原文链接: Linux 内核进程详解之二: bdi-default
转载说明 (最后更新于: 2019-04-03, 12:26:50)
- 转载本文的原意仅是为了理解 “bdi” 所代表的含义以及其背后涉及到的初步的工作原理或机制, 避免原文因某些原因无法访问.
- 在原文的基础上, 博主根据自己的需要对文本格式进行了调整 (强迫症), 未对内容进行修改. 同时根据自己查阅的资料进行了注释或补充说明.
- 本文适用于 CentOS 6.x 版本. 但对于 CentOS 7.x, 从系统中已经看不到
bdi-default
与flush-x:y
这两个内核线程, 已经被合并新的到 “workqueues” 机制 (参见 Working on workqueues 和 backing-dev: replace private thread pool with workqueue).
bdi, 即是 “backing device info” 的缩写, 根据英文单词全称可知其通指备用存储设备相关描述信息, 这在内核代码里用一个结构体 backing_dev_info
来表示: http://lxr.linux.no/#linux+v2.6.38.8/include/linux/backing-dev.h#L62.

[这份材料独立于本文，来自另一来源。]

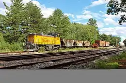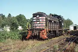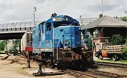 In 1985 the railroad purchased its first two non-leased locomotives, an EMD GP18, #503, and an EMD GP7, #302, from the bankrupt Chicago, Rock Island and Pacific Railroad. The locomotives were painted in a green and yellow scheme and went to work immediately.[1] 302 was originally slated to work on the B&M trackage near Worcester with access to Gardner, but that deal fell through when the Providence & Worcester Railroad objected.[1] Access to trackage between Manchester and Boscawen had bolstered the railroad's yearly carloads from 250 to nearly 2,750, much of which was due to Blue Seal Feeds at Bow Junction, and International Salt in Bow.[1] In the late 1980s the railroad was also operating a Reload on former B&M branch in Chicopee Falls, Massachusetts for Georgia Pacific, and provided rail-plant maintenance and on-site switching at the SD Warren Paper Mill in Skowhegan, Maine. NEGS also performed various maintenance-of-way contracts around New England, in MA, ME, NH and VT.[1] Less fortunate, was a proposed significant aggregate move from Columbia Falls-Centerville, Maine area, west to deep water near Bucksport, over the former Maine Central's Calais Branch of Maine DOT, which fell through. A 1988 bid on the ex-Grand Trunk line in Maine, New Hampshire and Vermont, went instead to the St. Lawrence & Atlantic Railroad.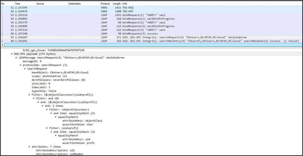 Kerberos 5p (privacy; krb5p) provides end-to-end encryption of all NFS traffic as shown in the trace image using a GSS/Kerberos wrapper. This method creates the most performance overhead due to the need to process every NFS packet’s encryption.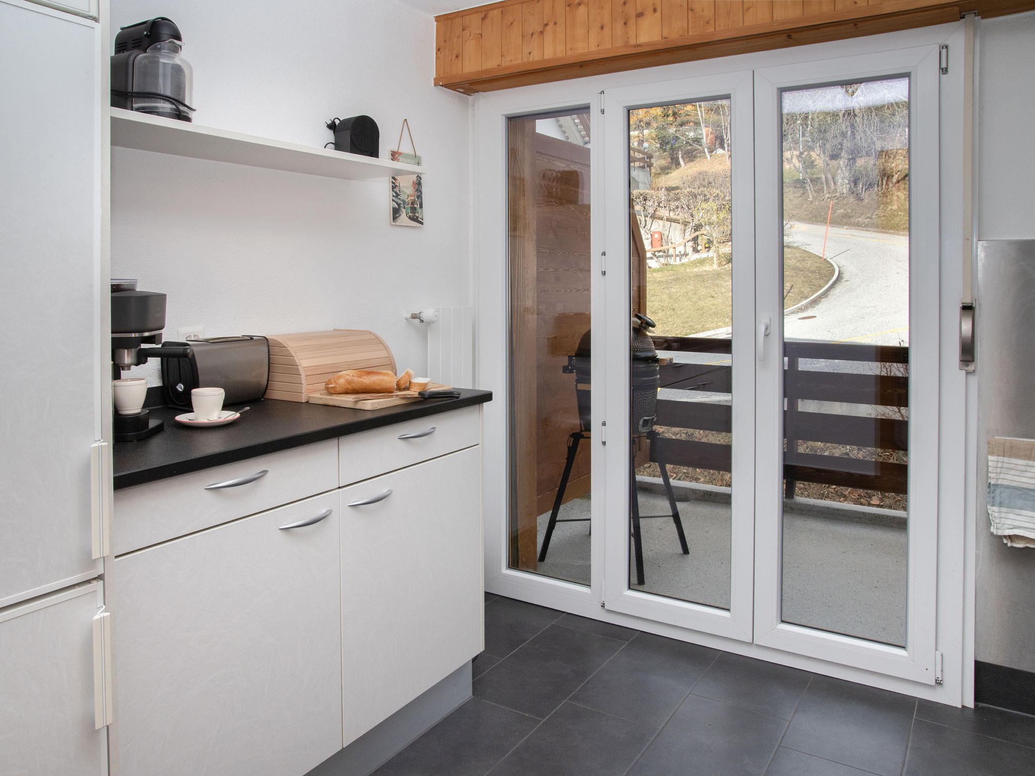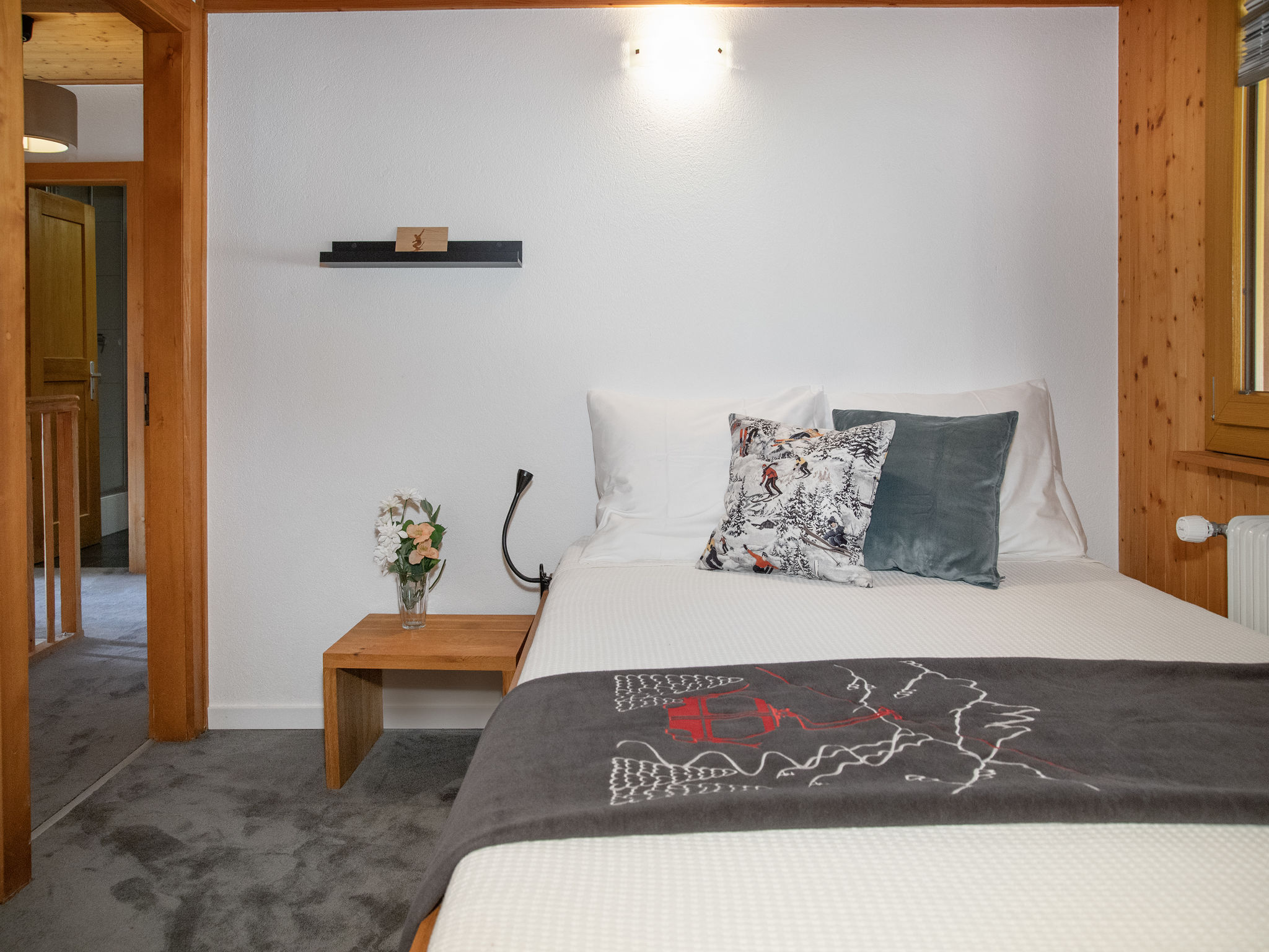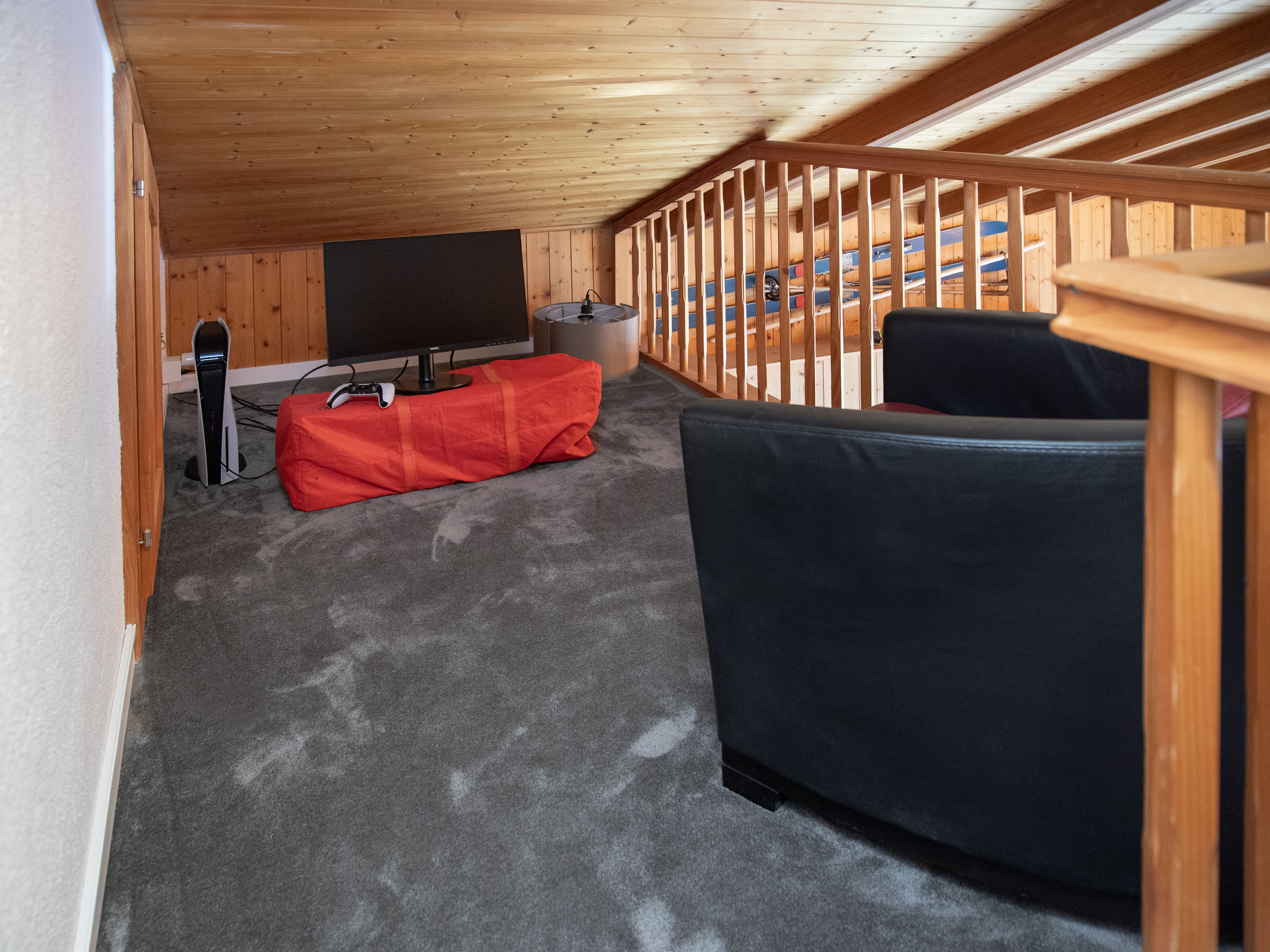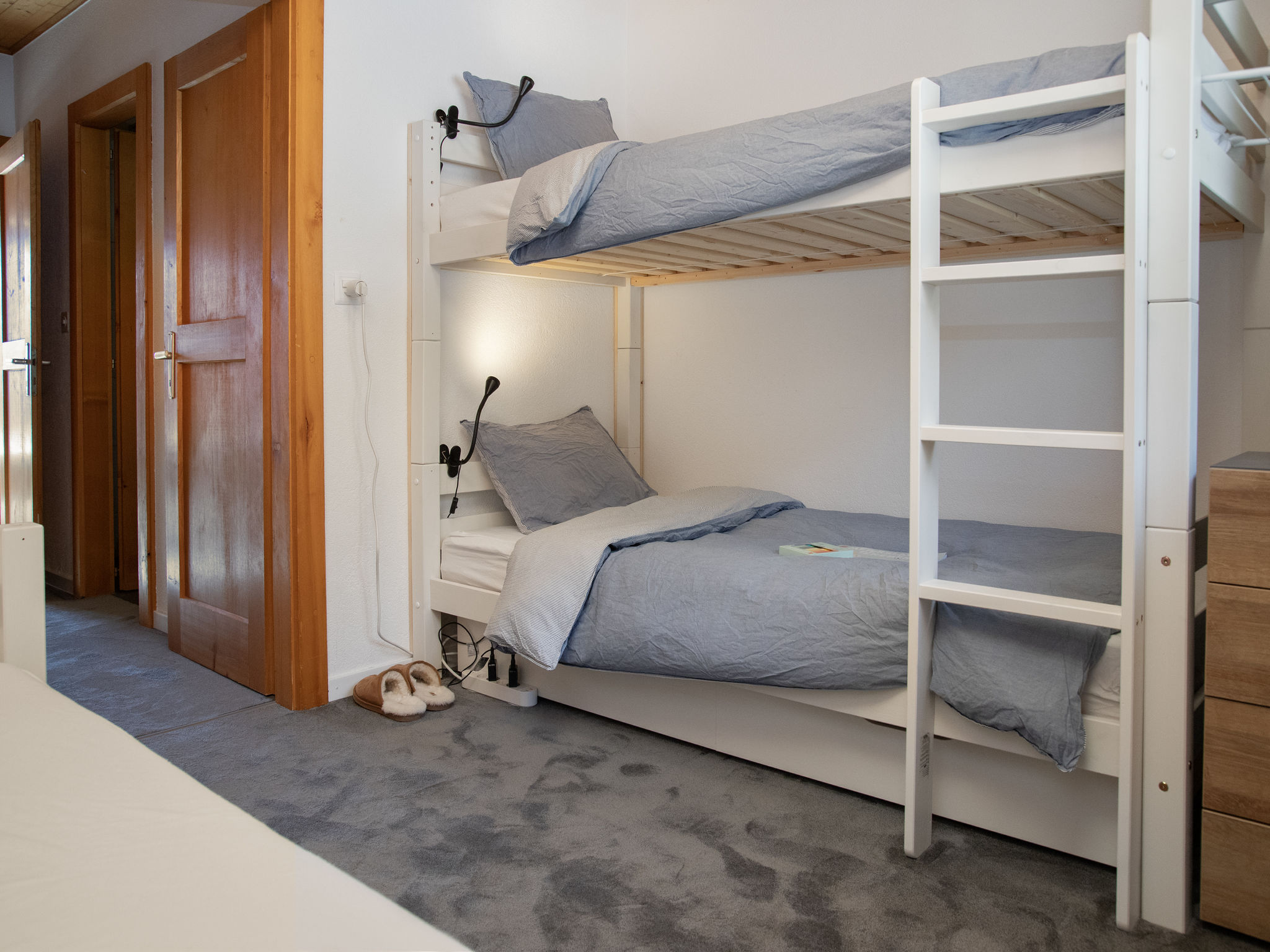 "Plein Soleil B 19", 4-Zimmer-Wohnung 90 m2 im 3. Stock, Südostlage. Geräumig, abgeschrägt, renoviert im Jahre 2024, komfortabel und schön eingerichtet: Eingang. Grosses Wohn-/Esszimmer mit Schwedenofen und Kabel-TV. Ausgang zum Balkon, Richtung Südosten. Küche (4 Induktionskochplatten, Wasserkocher, elektrische Kaffeemaschine, Kapseln für die Kaffeemaschine (nespresso) extra, Racletteofen, Fondue Set (Käse)). Ausgang zum Balkon, Richtung Nordosten. Bad/WC. Obergeschoss: 1 grosses Zimmer mit 1 Doppelbett (2 x 90 cm, Länge 200 cm). Ausgang zum Balkon, Richtung Südosten. 1 Zimmer mit 1 Bett (90 cm, Länge 200 cm), 1 x 1 Etagenbetten (90 cm, Länge 200 cm). 1 Zimmer mit 1 franz. Bett (1 x 140 cm, Länge 200 cm). Kleine Galerie mit Kabel-TV. Dusche/WC. Zur Verfügung: Internet (WLAN, gratis). Bitte beachten: Nichtraucher-Unterkunft.

bdi, 备用存储设备, 简单点说就是能够用来存储数据的设备, 而这些设备存储的数据能够保证在计算机电源关闭时也不丢失. 这样说来, 软盘存储设备, 光驱存储设备, USB 存储设备, 硬盘存储设备都是所谓的备用存储设备 (后面都用 bdi 来指示), 而内存显然不是, 具体看下面这个链接: (链接已失效).
相对于内存来说, bdi 设备 (比如最常见的硬盘存储设备) 的读写速度是非常慢的, 因此为了提高系统整体性能, Linux 系统对 bdi 设备的读写内容进行了缓冲, 那些读写的数据会临时保存在内存里, 以避免每次都直接操作 bdi 设备, 但这就需要在一定的时机 (比如每隔 5 秒, 脏数据达到的一定的比率等) 把它们同步到 bdi 设备, 否则长久的呆在内存里容易丢失 (比如机器突然宕机, 重启), 而进行间隔性同步工作的进程之前名叫 pdflush
, 但后来在 Kernel 2.6.2x/3x (没注意具体是哪个小版本的改动, 比如: Linux 2.6.35, kill unnecessary bdi wakeups + cleanups) 对此进行了优化改进, 产生有多个内核进程, bdi-default
, flush-x:y
等, 这也是这两篇文章要介绍的内容.
注释于 2019-04-03, 详情请参见: Linux Page Cache Basics
-
Up to Version 2.6.31 of the Kernel:
pdflush
Up to and including the 2.6.31 version of the Linux kernel, the
pdflush
threads ensured that dirty pages were periodically written to the underlying storage device. -
As of Version 2.6.32: per-backing-device based writeback
Since
pdflush
had several performance disadvantages, Jens Axboe developed a new, more effective writeback mechanism for Linux Kernel version 2.6.32.
关于以前的 pdflush
不再多说, 我们这里只讨论 bdi-default
和 flush-x:y
, 这两个进程 (事实上, flush-x:y
为多个) 的关系与运行模式类似于 lighttpd
的那种标准的父子进程工作 demon 模型, 当然, 很多人不了解 lighttpd
的进程模型, 下面详解。
一般而言, 一个 Linux 系统会挂载很多 bdi 设备, 在 bdi 设备注册 (函数: bdi_register(…)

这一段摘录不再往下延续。